* Task instructions *
Print out the entries from the line containing "Figure 1. Location Map." through the last line, exactly, and print nothing else. Pictures are not copied.

-- Provided data follows --

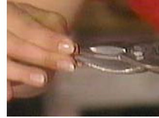
Cut and bend once more so that it will fit over the corner of the mirror

Either cut the mirror yourself with a glass cutting tool, or have the mirror cut to the size necessary to cover the opening in the frame. Attach it with clips to the back.
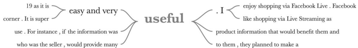
Figure 4: Word Tree (Useful)

Based on the feedback from the interviewees and as indicated in Figure 3, ease of use emerges as a prominent factor influencing the decision to make online purchases through Facebook Live streaming. All participants shared a common perception that Facebook Live streaming is remarkably user-friendly and straightforward, which significantly adds to its attractiveness as a platform for online shopping.
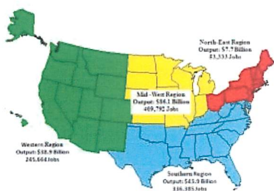
2009 Regional Economic Impacts of Agricultural Exports
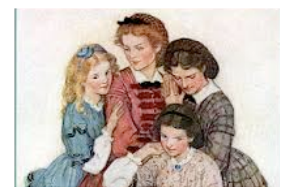
The Little Women with Marmee
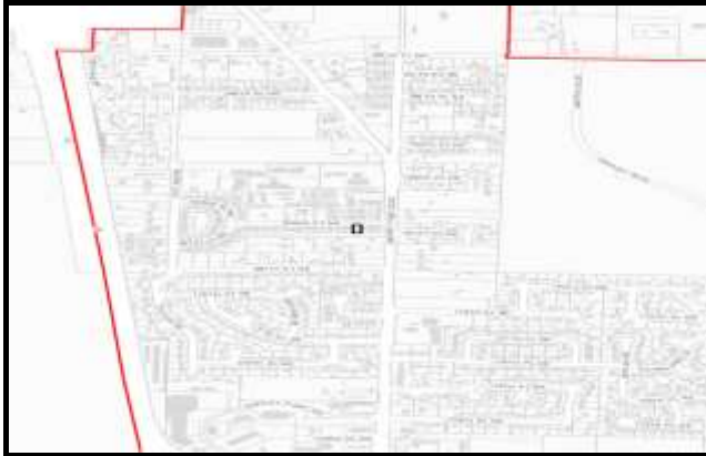
Figure 1. Location Map.
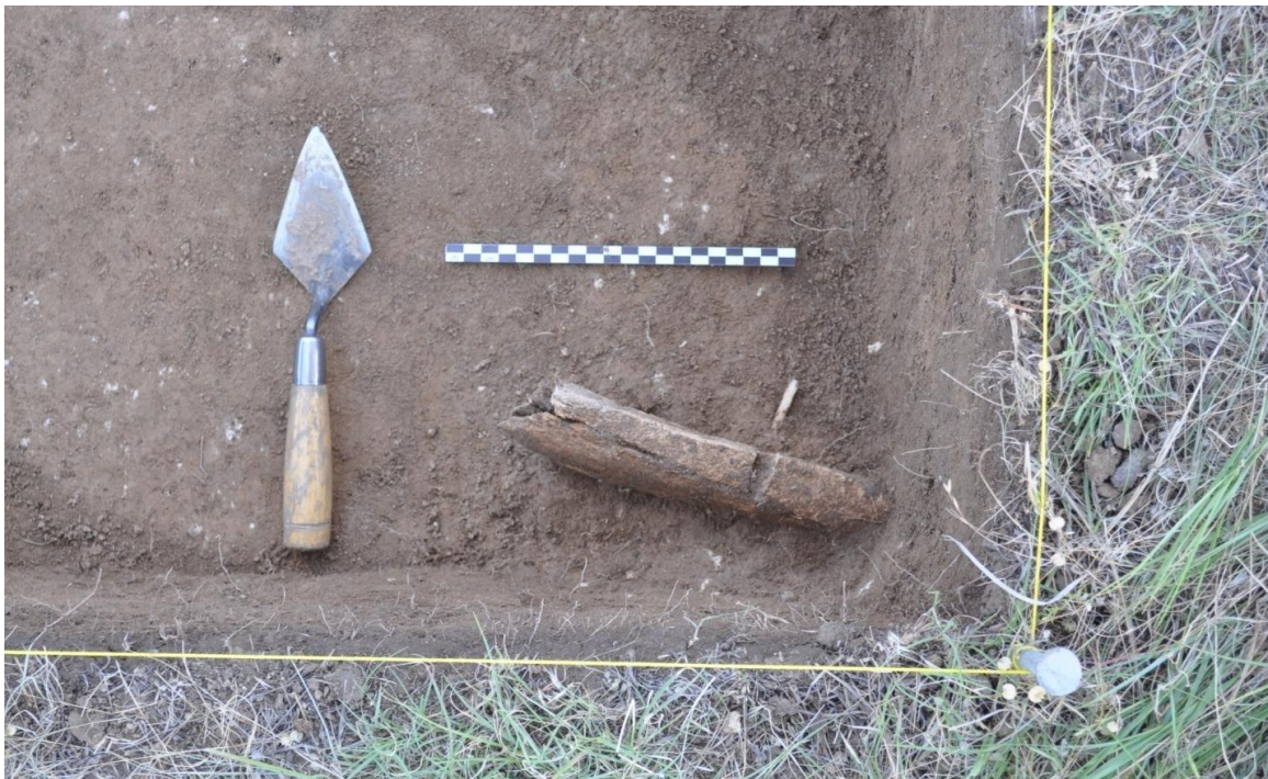
Figure 2. Mammoth rib in situ in late Pleistocene loess.
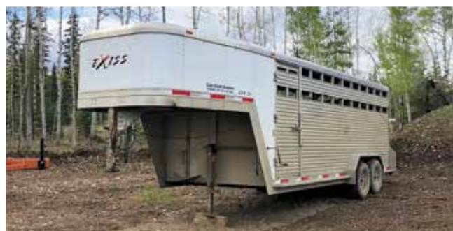
Universal Exiss STK-20 20 Ft
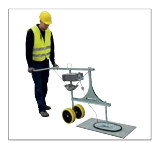
VPH-GREENLINE with VPH-RS
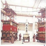
Takayama (Yatai Kaikan)
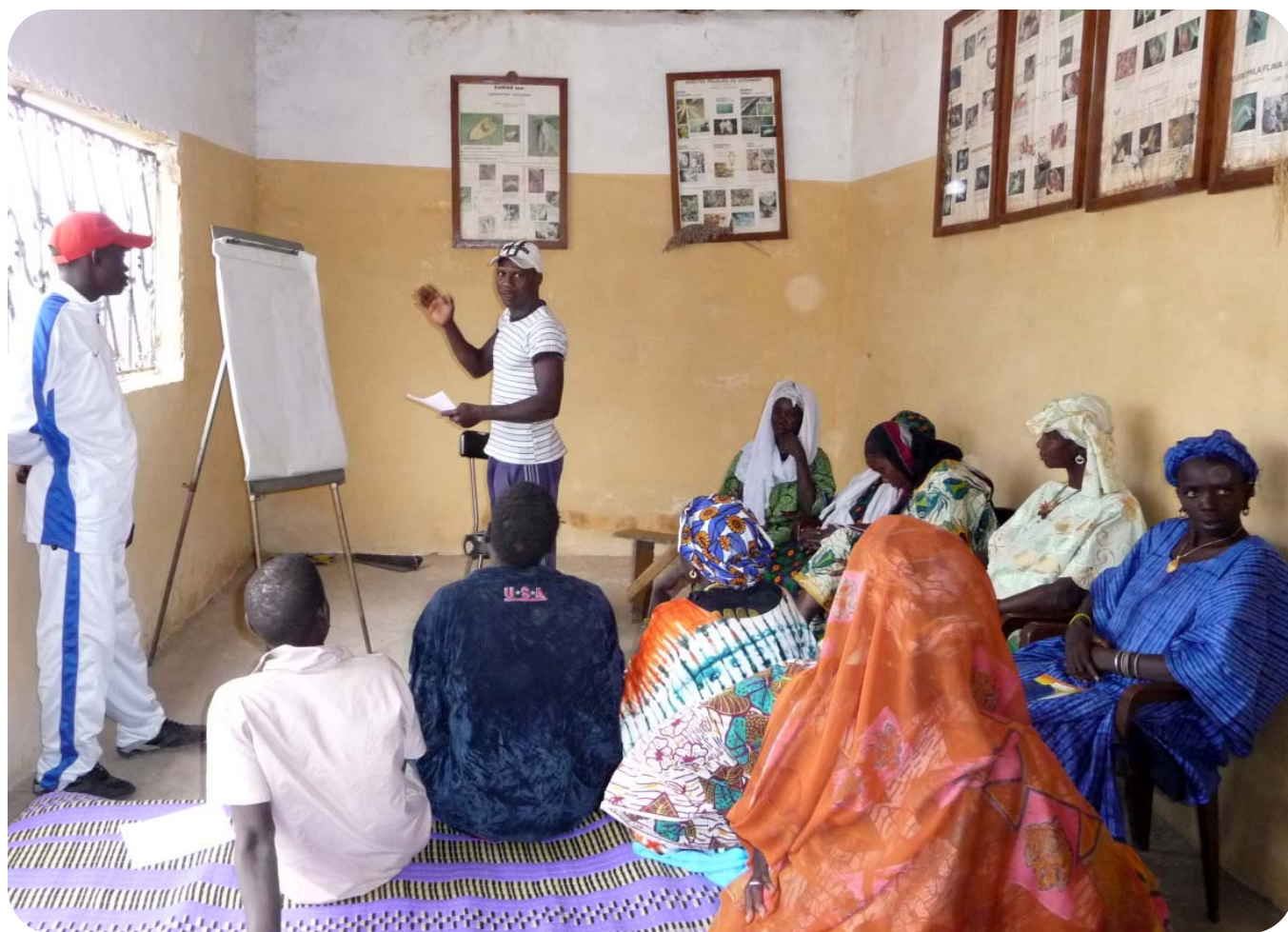
YNW members in a training session on managing millet grinding mills at the Federation's new HQ.
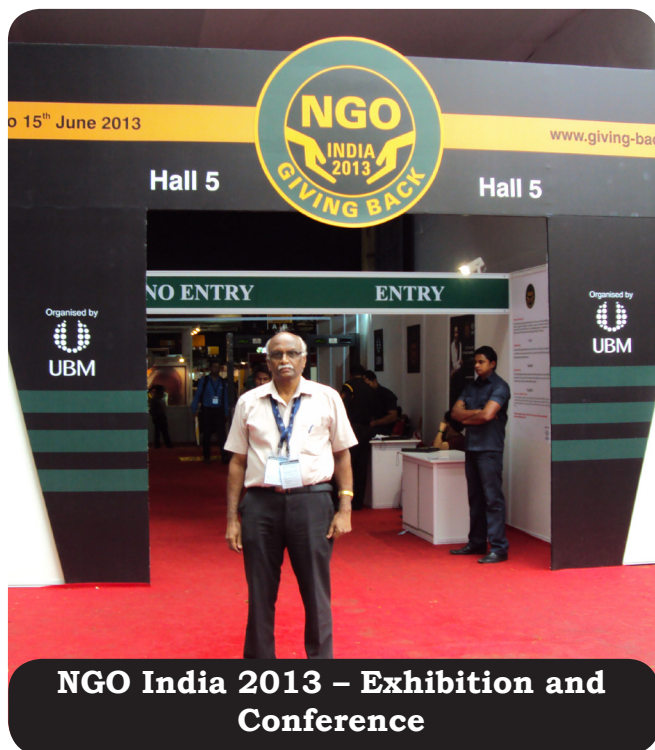
NGO India 2013 – Exhibition and Conference

to mankind is the best work of life”. Since we have taken so much from society, it is our duty to give back.
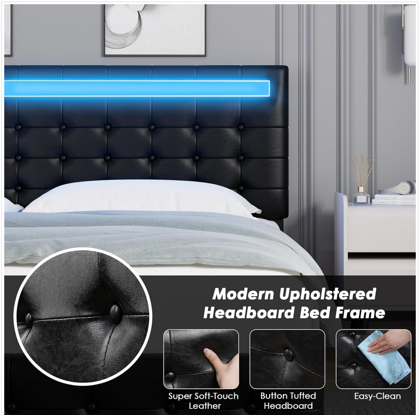
Figure 6: Detail of the upholstered headboard, illustrating its super soft-touch leather, button-tufted design, and easy-clean surface.

-- Provided data concluded --

* Reply to the exercise *
Figure 1. Location Map.
Figure 2. Mammoth rib in situ in late Pleistocene loess.
Universal Exiss STK-20 20 Ft
VPH-GREENLINE with VPH-RS
Takayama (Yatai Kaikan)
YNW members in a training session on managing millet grinding mills at the Federation's new HQ.
NGO India 2013 – Exhibition and Conference

to mankind is the best work of life”. Since we have taken so much from society, it is our duty to give back.
Figure 6: Detail of the upholstered headboard, illustrating its super soft-touch leather, button-tufted design, and easy-clean surface.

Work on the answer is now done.